Sebenarnya peneliti melihat bahwa penanggulangan berbagai kendala yang efektif untuk mengatasi beban dana CI adalah INGO ini dapat mengambil keputusan untuk mengubah bentuk menjadi yayasan khusus untuk program TNGGP. Peneliti melihat peluang yang lebih besar bagi aliran dana jika CI benar-benar berubah menjadi yayasan dan program-programnya juga dapat diperluas ke berbagai area TNGGP selain Bodogol. Dengan demikian seluruh masyarakat yang tinggal di sekitar TNGGP lebih merasakan manfaat upaya konservasi yang dilakukan CI dan pihak Balai Besar secara lebih merata, dan tentu saja keinginan nekad bagi masyarakat untuk melakukan pelanggaran akan semakin kecil. CI sendiri sebenarnya juga merasakan demikian, namun keputusan tetap saja disesuaikan dengan keadaan yang dialaminya.

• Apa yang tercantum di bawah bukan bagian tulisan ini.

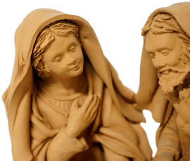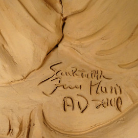 Gruppo in terracotta rappresentante la Sacra Famiglia con due angeli, firmato, sec. XX, cm 24x24 circa (difetti e rotture)

Jika kita kembali lagi pada konsep peran yang dikemukakan oleh Mas’oed dan Arfani, Cosser dan Rossenberg, serta Levinson, kita dapat melihat bahwa peran yang dihubungkan dari berbagai pihak yang bertanggungjawab secara langsung maupun tidak langsung dalam pelestarian TNGGP merupakan wujud kemitraan yang dilakukan CI selama ini. Penetapan TNGGP itu sendiri sebenarnya tercerminkan dalam esensi yang dikemukakan oleh Erwin mengenai berbagai kongres internasional.